7.8. It follows from the above that the subject-matter as defined in claim 1 of the present request involves an inventive step.

7.9. The dependent claims contain all the features of claim 1 and similarly involve an inventive step.

8. Since the revised fourth auxiliary request is allowable, it is not necessary to consider the further auxiliary requests.

9. Reimbursement of the appeal fee

According to Rule 67 EPC, the reimbursement of the appeal fee is to be ordered if the appeal is deemed to be allowable and the reimbursement is equitable by reason of a substantial procedural violation.
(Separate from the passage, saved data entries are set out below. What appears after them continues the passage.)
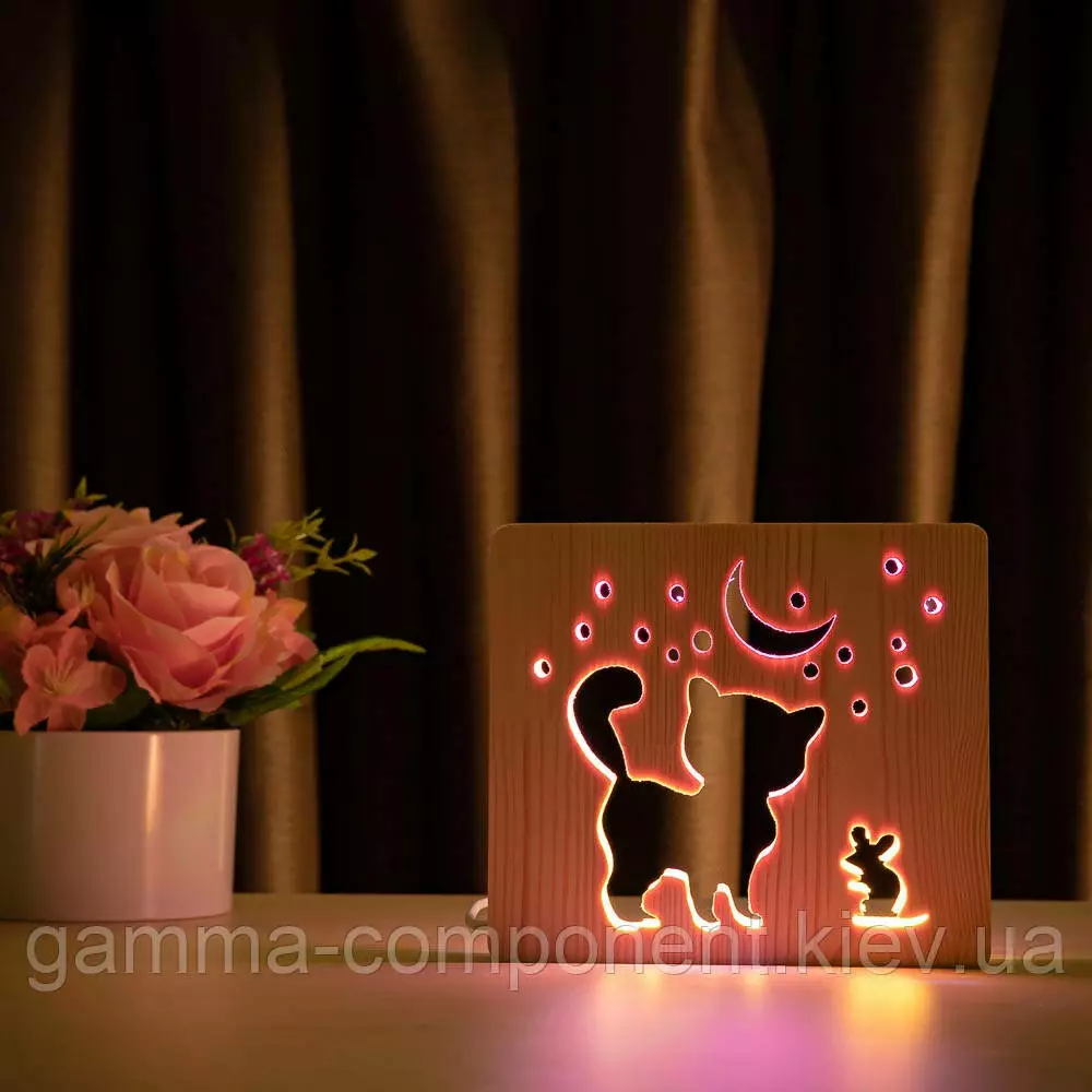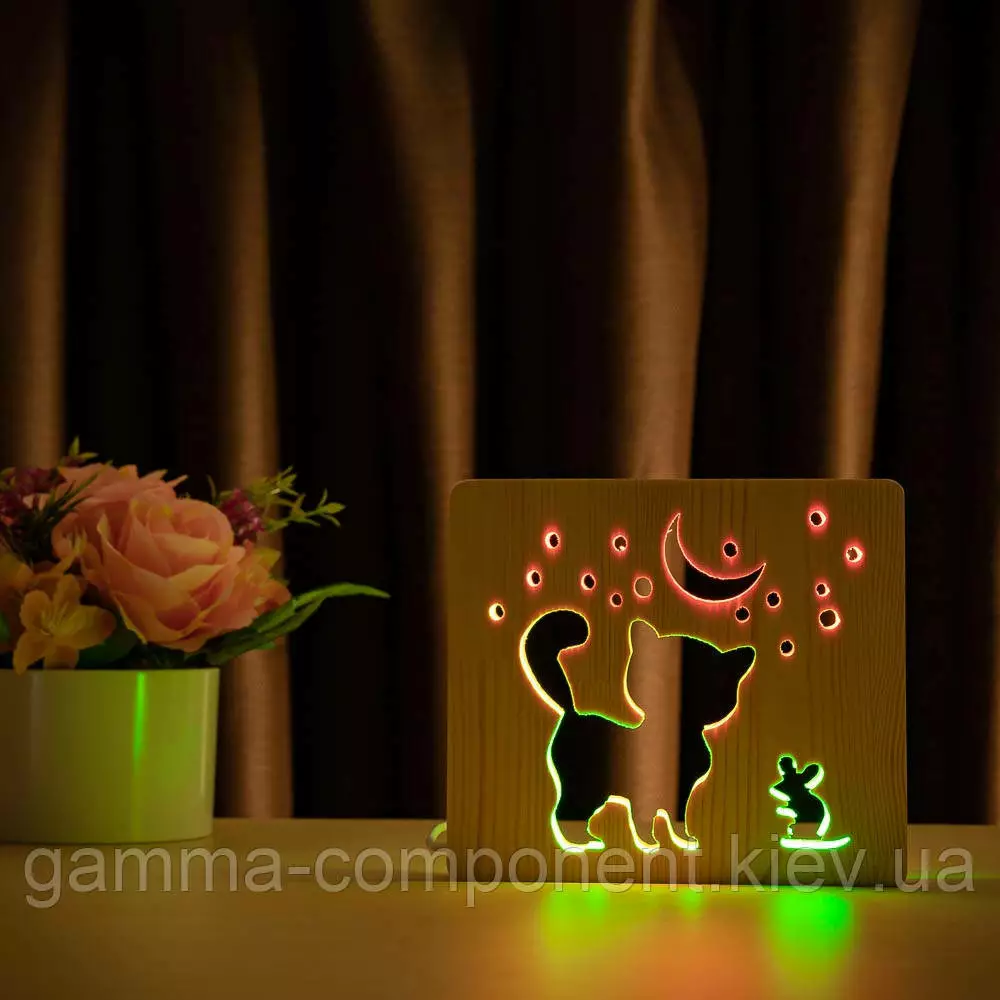 Світильник нічник з дерева LED "Кіт і мишка під місяцем" з пультом і регулюванням кольору, подвійний RGB
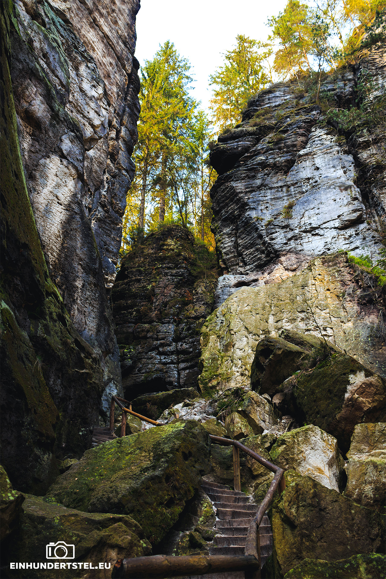 Mit vielen Fotos im Gepäck, wobei die reichlichen Wasserläufe durchaus auf ihre Kosten kamen, ging es durch die Schlucht der Schwedenlöcher (dienten im 30 jährigen Krieg den Bauern als Schutz) wieder einen Weg hinauf zur Bastei. Dieser Weg ist bei Personengegenverkehr durchaus sehr gut geeignet, um immer mal wieder eine klitzekleine Pause einzulegen und die Karawane an Menschen vorbei strömen zu lassen.
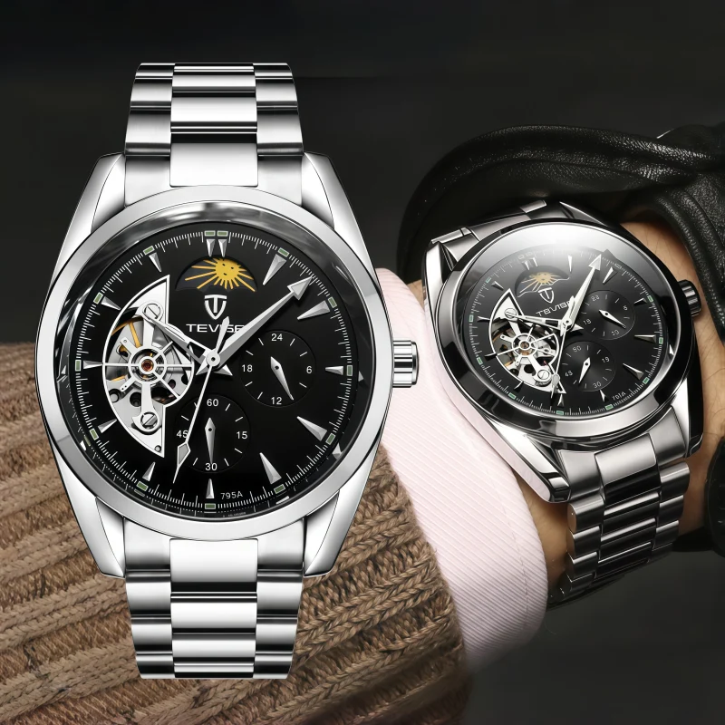 男錶・機械・飛輪紀年 | 全自動機械機芯 | 鏤空陀飛輪 | 星辰月相 | 獨立小錶盤 | 強視夜光 | 30米防水 | 實心鋼帶 | TEVISE非凡氣質全自動機械男錶
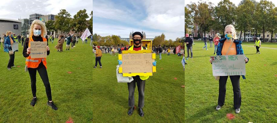 Cato van Hoegee, Secretary of the Amsterdam student union ASVA took to the stage. “There are first-year students who have no idea who they’re studying with. They only know their co-students as a black screen with a mute button. We can do better than this!” Her speech was interrupted every now and then by applause. “So, dearest government,” she concluded, “don’t let students fall by the wayside.”
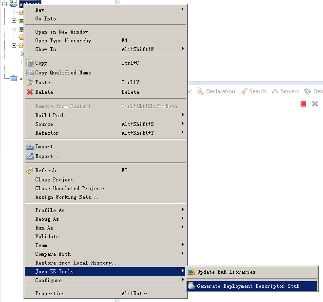 右击工程,选择Java EE Tools -> Generate Deployment Descriptor Stub。
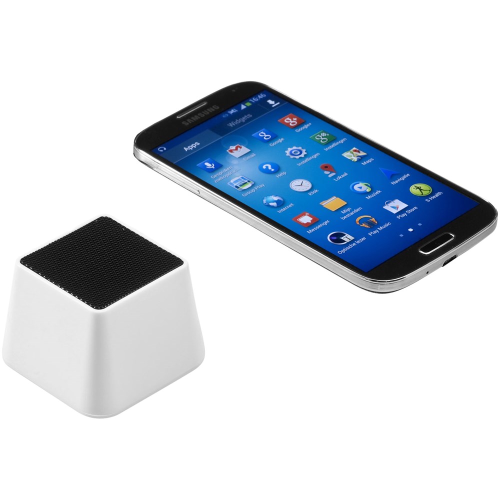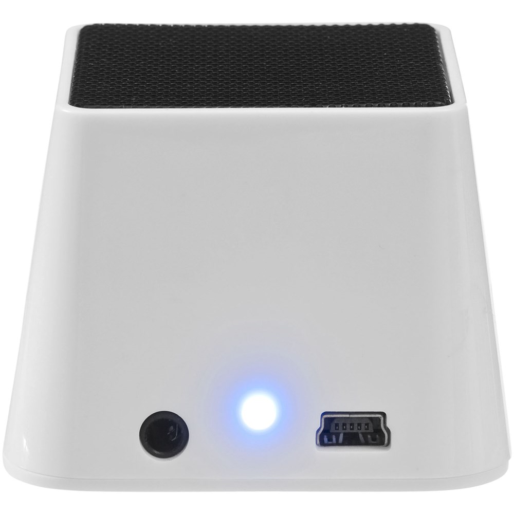 Draagbare Bluetooth® speaker met interne oplaadbare batterij, goed voor 4 uur non-stop muziek. speaker kan worden aangesloten via Bluetooth® of met de 3,5 mm audiokabel. Audio- en oplaadkabel meegeleverd. Geleverd in een witte kartonnen geschenkverpakking.
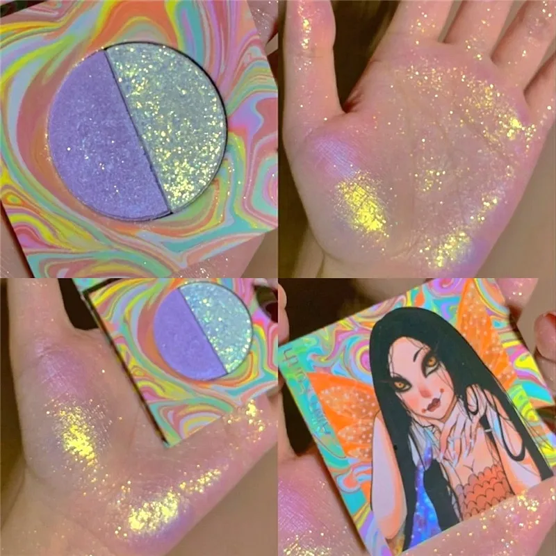Дьявол двухцветный мерцающий и сияющий хайлайтер пудра глиттер хайлайтер палитра осветляет тело контур лица макияж
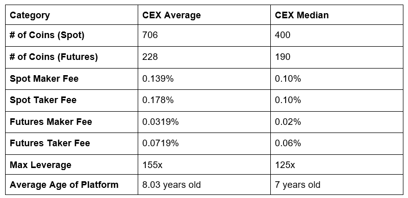 中心化交易所平均支持706种加密货币(中位数:400),头部平台提供多达3800种资产,小型交易所仅支持80种。衍生品方面,中心化交易所平均提供228个期货市场(中位数:190),顶级平台提供超700种衍生品。平均最高杠杆为155倍,有两家交易所为专业交易者提供500倍极限杠杆。
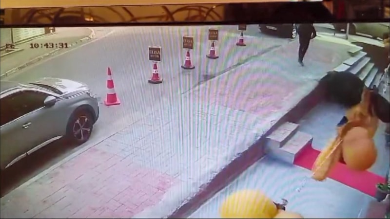 İşletme sahibi Doğan Kahyaoğlu'nun hayati tehlikesinin olmadığı öğrenilirken saldırı anı iş yerinin güvenlik kamerasına yansıdı.
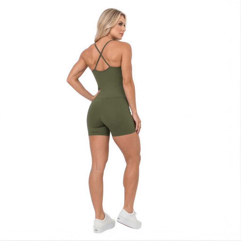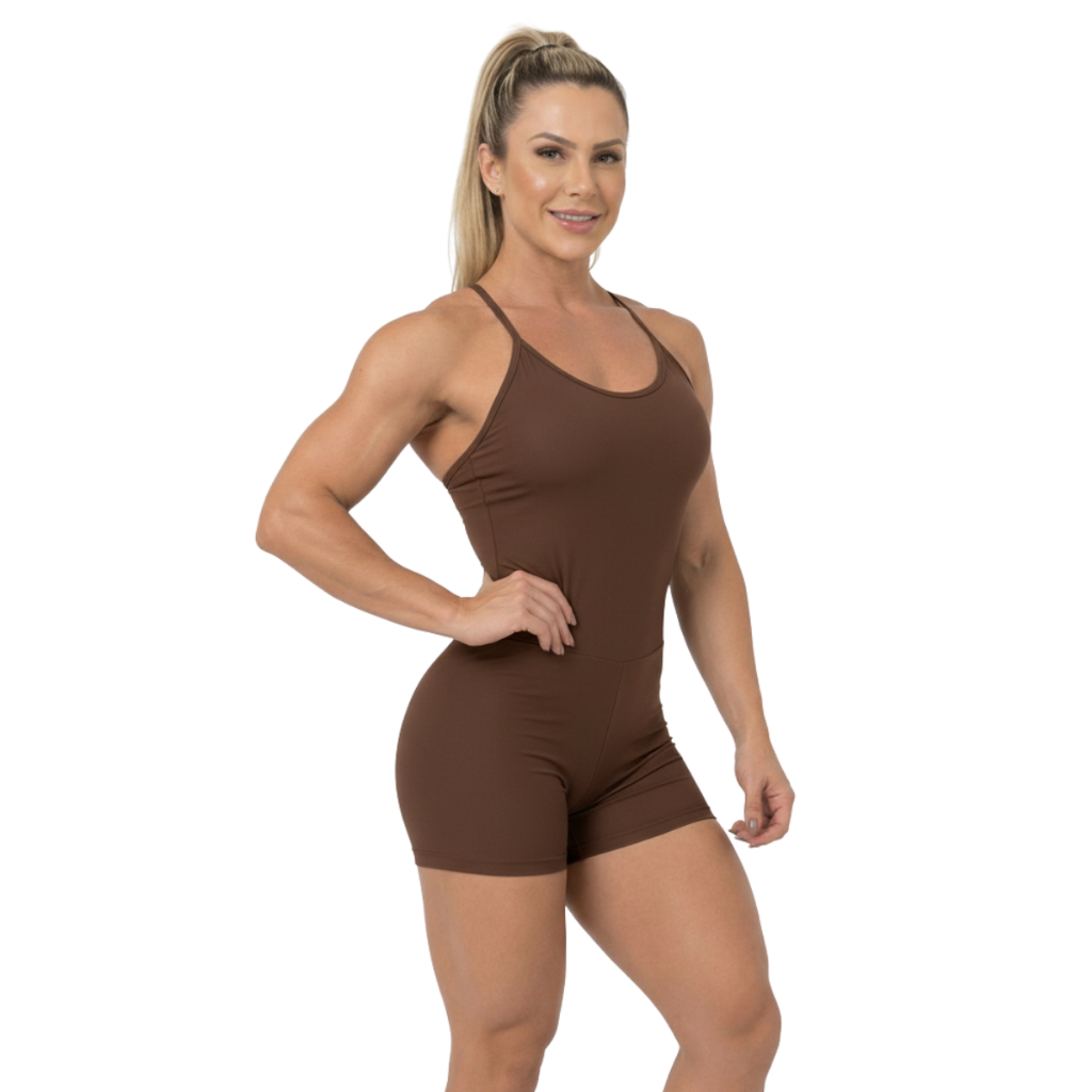 Macaquinho Feminino Alças Cruzadas Confortável Zero Transparência Forrado Modelagem Justa

However, in the present case, the Board notes that:

(a) The Examining Division rectified the first decision to refuse the application to the extent that the subject-matter of claim 1 was found to be novel over D1, in compliance with the case law.

(b) By a communication issued on 21 July 1997 in preparation for oral proceedings to be held on 3. February 1998, the Examining Division informed the applicant of further objections that still existed, to which the applicant had the opportunity to react either in writing or during the oral proceedings, which it however did not attend.

(c) In view of these facts, the second refusal was the consequence of the applicant's conduct of proceedings. Hence, a refund of the appeal fee is not considered equitable.

Therefore, the request for reimbursement of the appeal fee is refused.

ORDER

For these reasons it is decided:

1. The decision under appeal is set aside.

2. The case is remitted to the department of first instance with the order to grant a patent on the basis of the set of claims 1 to 17 submitted as revised fourth auxiliary request during the oral proceedings and a description yet to be adapted.

3. The request for reimbursement of the appeal fee is refused.